**INFORMATION SHOWN:**
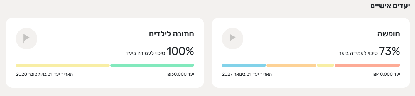 - אחוז עמידה ביעדים - אחוז העמידה שלכם בכל ההוצאות הקבועות וחד פעמיות שהגדרתם. ערך זה זהה למדד "סיכוי לעמידה ביעדים".
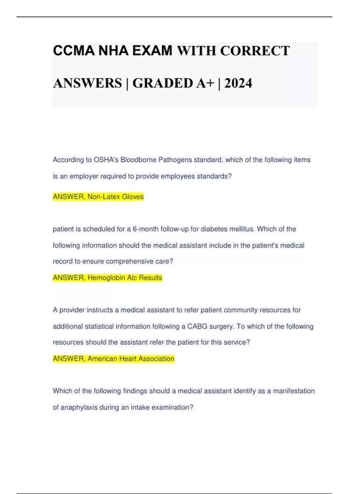 CCMA NHA EXAM WITH CORRECT ANSWERS | GRADED A+ | 2024 According to OSHA's Bloodborne Pathogens standard, which of the following items is an employer required to provide employees standards? ANSWER, Non-Latex Gloves patient is scheduled for a 6-month follow-up for diabetes mellitus. Which of the following information should the medical assistant include in the patient's medical record to ensure comprehensive care? ANSWER, Hemoglobin Alc Results A provider instructs a medical assistant to refer patient community resources for additional statistical information following a CABG surgery. To which of the following resources should the assistant refer the patient for this service? ANSWER, American Heart Association
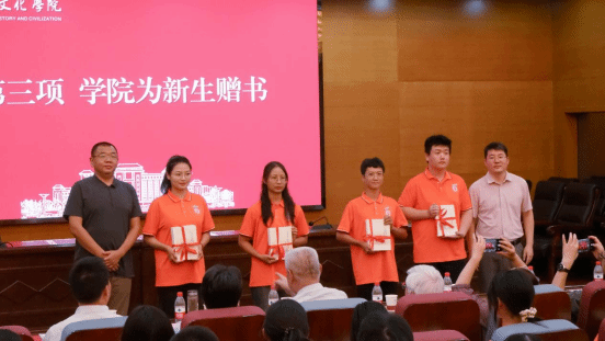 副院长冯立君教授与学院党委副书记、纪委书记、副院长李晨子老师代表学院向新生赠送书籍,以此勉励同学们用知识武装自己,怀抱赤子之心,激扬奋斗之帆,续写新时代威尼斯欢迎你welcome学子的崭新篇章。

**WHAT IS BEING ASKED:**
Apart from the images, retype the full material exactly as written.

**EXERCISE OUTPUT:**
 - אחוז עמידה ביעדים - אחוז העמידה שלכם בכל ההוצאות הקבועות וחד פעמיות שהגדרתם. ערך זה זהה למדד "סיכוי לעמידה ביעדים".
 CCMA NHA EXAM WITH CORRECT ANSWERS | GRADED A+ | 2024 According to OSHA's Bloodborne Pathogens standard, which of the following items is an employer required to provide employees standards? ANSWER, Non-Latex Gloves patient is scheduled for a 6-month follow-up for diabetes mellitus. Which of the following information should the medical assistant include in the patient's medical record to ensure comprehensive care? ANSWER, Hemoglobin Alc Results A provider instructs a medical assistant to refer patient community resources for additional statistical information following a CABG surgery. To which of the following resources should the assistant refer the patient for this service? ANSWER, American Heart Association
 副院长冯立君教授与学院党委副书记、纪委书记、副院长李晨子老师代表学院向新生赠送书籍,以此勉励同学们用知识武装自己,怀抱赤子之心,激扬奋斗之帆,续写新时代威尼斯欢迎你welcome学子的崭新篇章。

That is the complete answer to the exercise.